Will this blog exist in another ten years, will I still be posting about Irish whiskey, or will it all dry up and blow away as many whiskey blogs do? I still spend more time thinking about the stuff than I do drinking it, and even with a reduced output I still spend more time writing about it than drinking it, so there is life in the old dog yet. The grim times we now inhabit have actually got me interested in it again – the decade of backslapping is over, and it’s time to take stock – can we use this moment to improve the offering, what do people want from Irish whiskey, is it simply whiskey from Ireland or is there more to it, to us?

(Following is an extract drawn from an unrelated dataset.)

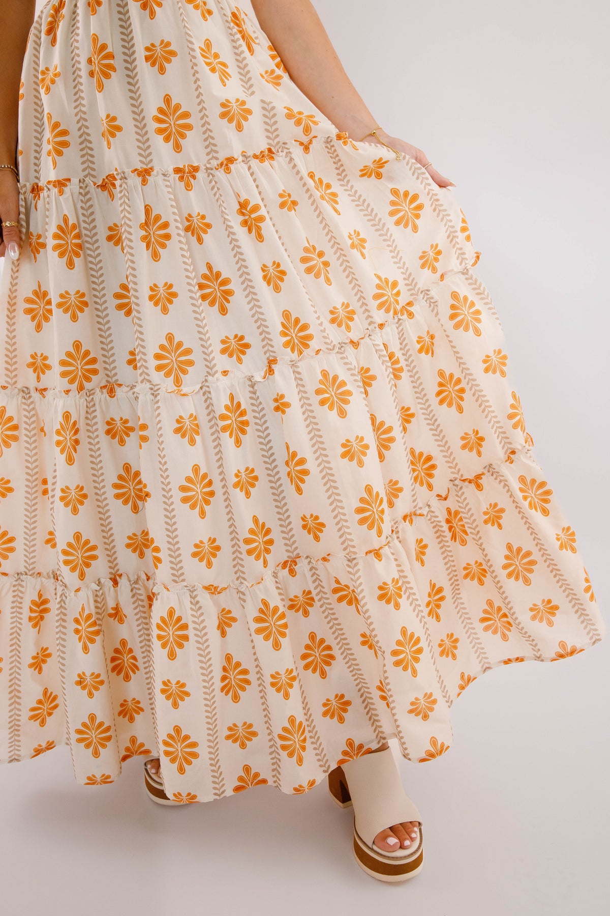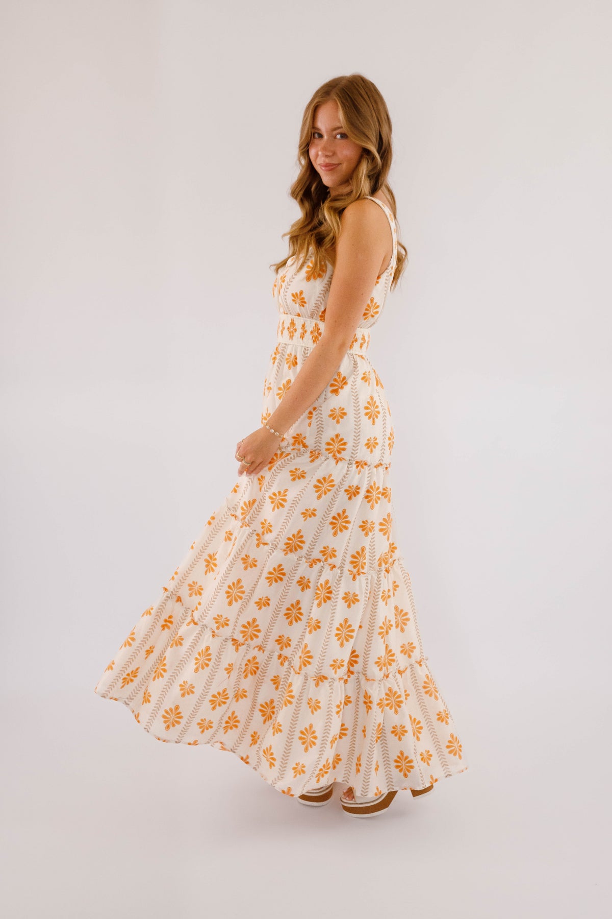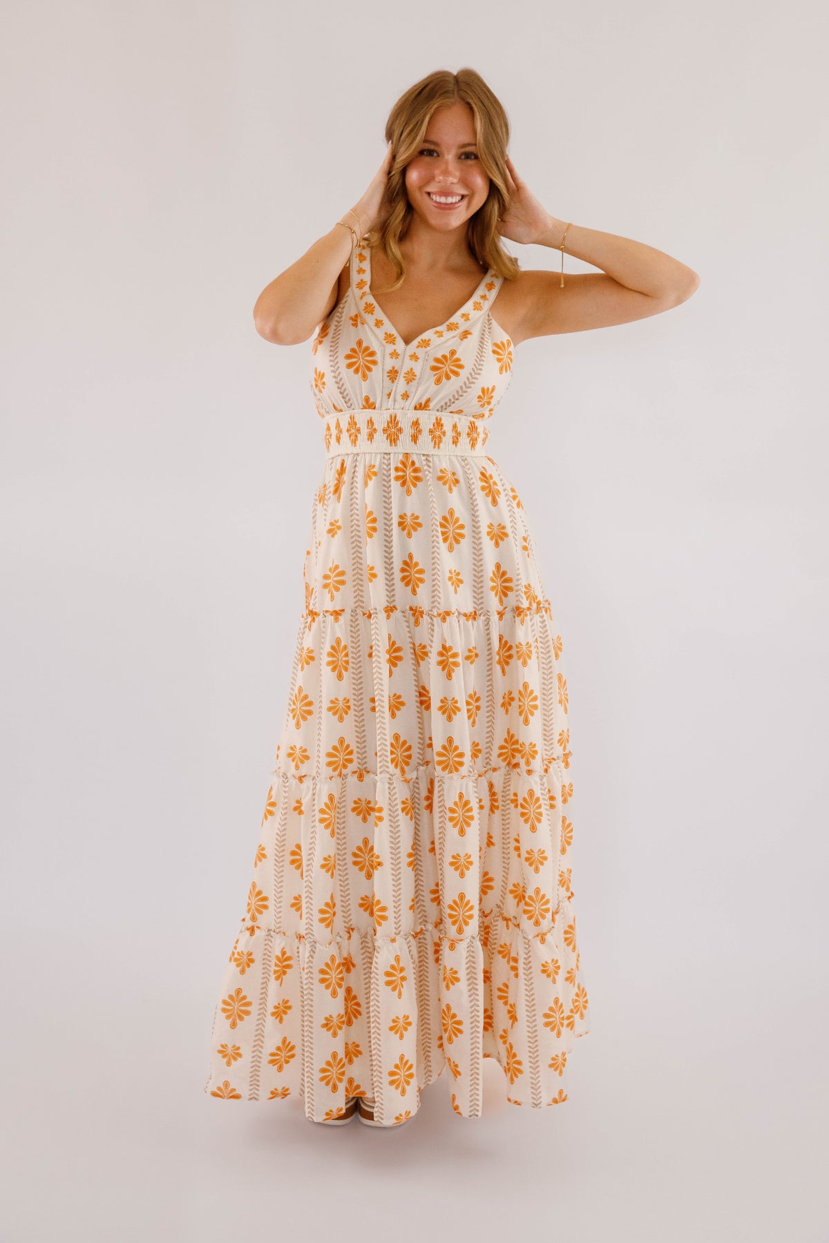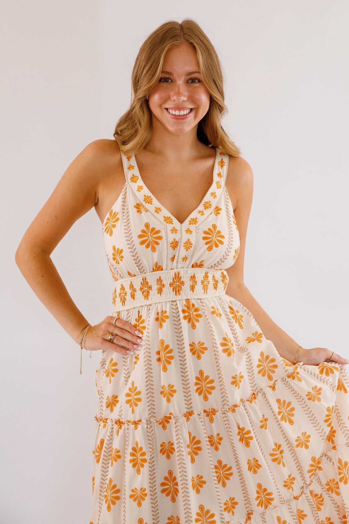 The Easy To Spot Maxi Dress is designed to highlight your natural elegance with a V-neckline and a smocked waistband that flatters your figure. Its tiered skirt, accented with ruffled edges, offers a graceful flow perfect for any occasion. Whether you're enjoying a resort dinner or a sunlit celebration, this floral printed woven maxi dress effortlessly radiates romance and style!

Have we been coasting on our charm, our national identity, in one market and can we replicate that success elsewhere? How do you pitch Irish whiskey to someone in Asia, Africa, South America – do we continue to trade on the shamrocks and shillelaghs, or forty shades of green? Is ‘Brand Ireland’ that well known?
The Scots have single malt, what do we have? Single pot still is too complicated and the name alone gives me a headache, as, aside from anything, it kinda implies that it is made using only one still, or is distilled only once, or that all other Irish whiskey is column distilled. And once you have explained that the name doesn’t mean what you think it means, you get to bore people into submission with a talk about 18th century cereal taxation policy.
Maybe the shakeout of the category is a good time to reflect on what Irish whiskey needs to be. We spent too long pushing ourselves as ‘not Scotch’ (even the single pot still spiel begins with, ‘well you know single malt right…’) and need to find an identity beyond that. Unpeated, triple distilled and smooth were all part of the not-scotch pitch, so what is Irish whiskey now?